Unknown FDB downtime

Screen Shot 2021-06-14 at 1.49.33 PM

Screen Shot 2021-06-14 at 1.48.24 PM

Our database was unresponsive for 6 hrs. From our application log, we see a bunch of transaction_timeout. The downtime corresponds to the HA Moving Data graph and seems to be caused by the Role Changes.

Our setup:

  Redundancy mode        - double
  Storage engine         - ssd-1
  Coordinators           - 3

  FoundationDB processes - 6
  Zones                  - 3
  Machines               - 3

The two processes on each machine do not have roles specified.
FDB version is 6.2 (v6.2.20).

Unfortunately, we do not have trace logs at the time. Can you provide insight as to what might be the cause of this downtime? Are we looking at the right metrics?

Our status details also show high %disk IO, but our other metrics indicate that there is plenty of IO headroom. How is this metric calculated?

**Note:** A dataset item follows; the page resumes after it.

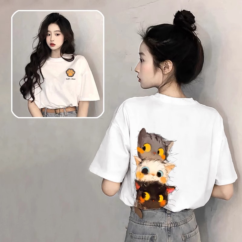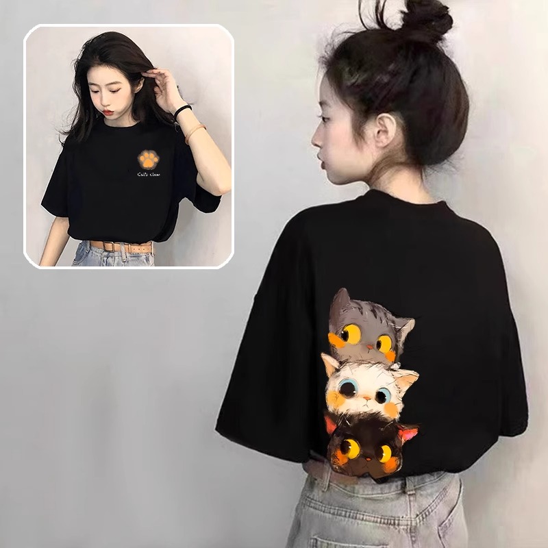 后背大印花卡通猫咪短袖t恤女夏

Process performance details: ( 51% cpu; 36% machine; 0.114 Gbps; 98% disk IO; 4.3 GB / 13.2 GB RAM ) ( 29% cpu; 36% machine; 0.114 Gbps; 98% disk IO; 5.9 GB / 13.2 GB RAM ) ( 26% cpu; 43% machine; 0.222 Gbps; 99% disk IO; 6.4 GB / 13.2 GB RAM ) ( 73% cpu; 43% machine; 0.222 Gbps; 98% disk IO; 4.9 GB / 13.2 GB RAM ) ( 86% cpu; 48% machine; 0.226 Gbps; 98% disk IO; 5.3 GB / 13.3 GB RAM ) ( 37% cpu; 48% machine; 0.226 Gbps; 99% disk IO; 4.5 GB / 13.3 GB RAM )

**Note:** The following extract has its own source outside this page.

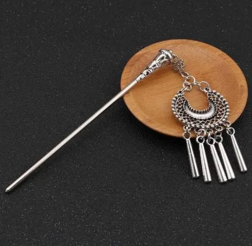 A peak at bun of homemade alloy zinc and color silver . This hair

We also noticed that during the down time, read was at a reduced capacity, but no commit was happening.

We read this from /proc/diskstats. How good of an indication this value is, we found, depends a lot on the type of disk you’re using. What kind of disk are you using? Is this a local SSD or something like EBS?

This is on AWS, on EBS volume. We read the commit and read value from the fdbcli itself.
fdbcli.cluster.workload.transactions.committed.hz was 0
fdbcli.cluster.workload.operations.reads.hz was 10% of its original rate.
We also noticed that fdbcli.cluster.degraded.processes was incremented by 1 at the start of the downtime.

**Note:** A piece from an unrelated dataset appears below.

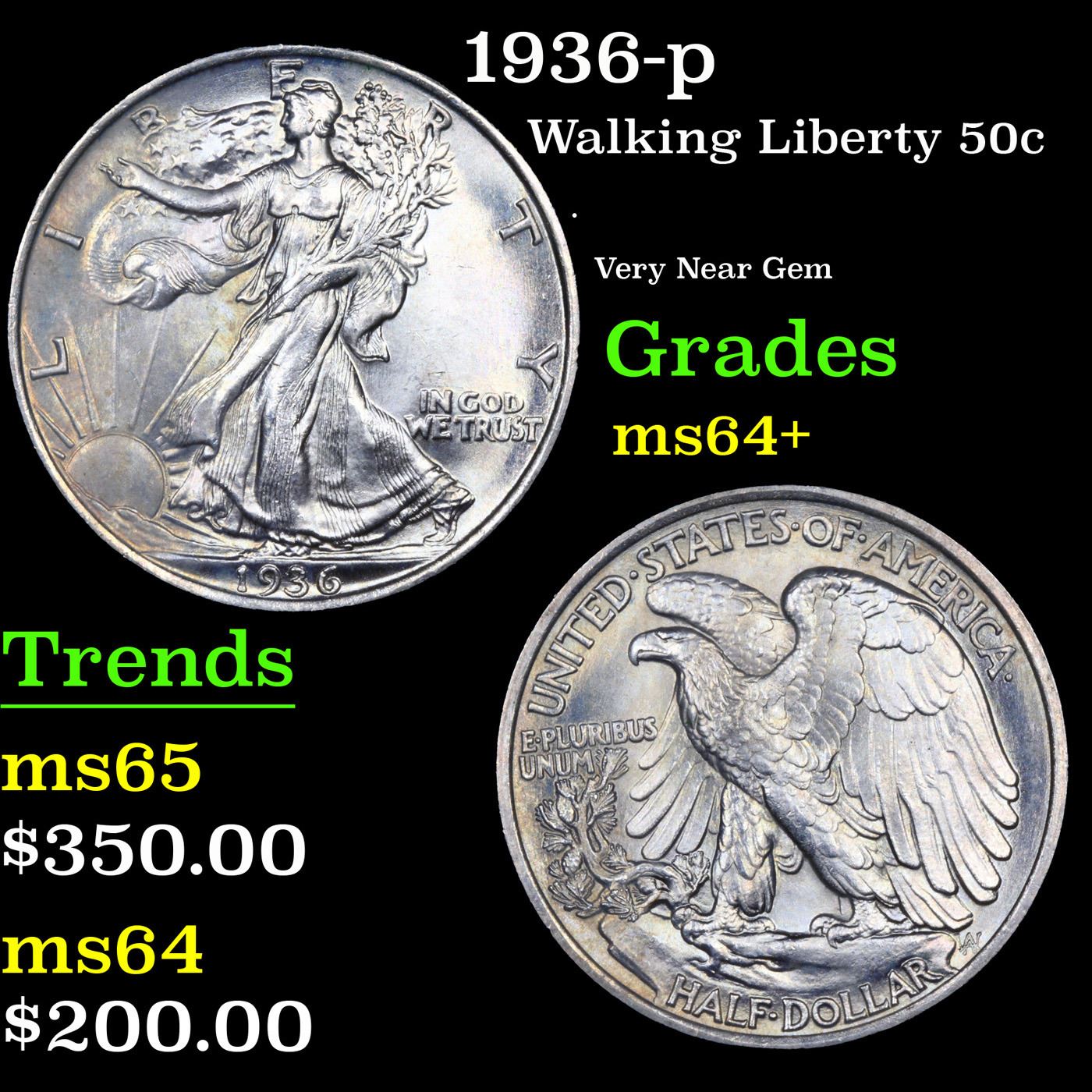 1936-p Walking Liberty Half Dollar 50c Grades Choice+ Unc.

Regarding to the diskio metrics, we read it from telegraf diskio plugin, which I believe read from /proc/diskstats on linux system.

that is weird, we found on EBS that the disk metrics are quite reliable – but they are not exactly the same as IOPS (as reported by AWS). You can find the code how we collect these here

thanks. given that if diskio % is disk_time_spent_in_io / elapsed_time, then the metric does match up. I thought it was IOPS used / IOPS available via EBS provision. High disk util is somewhat expected.

Seems like during the downtime, disk util is also minimum. Going back to the main question, do you have a clue on this issue?

I don’t think I can help here as I am not really familiar with FDB’s HA solution :frowning:

and to add more context here, before the database went into the recovery mode (meaning serving read requests in a degraded mode and absolute no write requests can be committed), we saw a sudden jump (about 4 GB) in the op space (we are using ssd-2 storage engine here). The jump aligns with the free disk metrics the OS collected, but the total KV size did not change accordingly. Is there any possible explanation for the sudden op space jump?
the green line —> op space (4GB jump within 1 minute)
the blue line —> kv size (continuous)

after reading the doc: foundationdb/recovery-internals.md at master · apple/foundationdb · GitHub
i feel like this is exactly what happened on our FDB cluster during the Saturday incident.
We saw a sudden jump on op space —> then bunch of role changes —> FDB seemed stuck in the recovery mode (no commit at all) (also no network or hardware failures during the recovery time)
My question would be:
(1) Is there possible explanation for why the FDB cluster stuck for such a long time (about 6 hours) in recovery mode and then it simply self recovered?
(2) Is there anything we could do to help make the recovery process faster? (If we were able to find which phase the recovery is stuck at)
(3) any specific events we can search for in the trace logs? (other than the MasterRecoveryState event)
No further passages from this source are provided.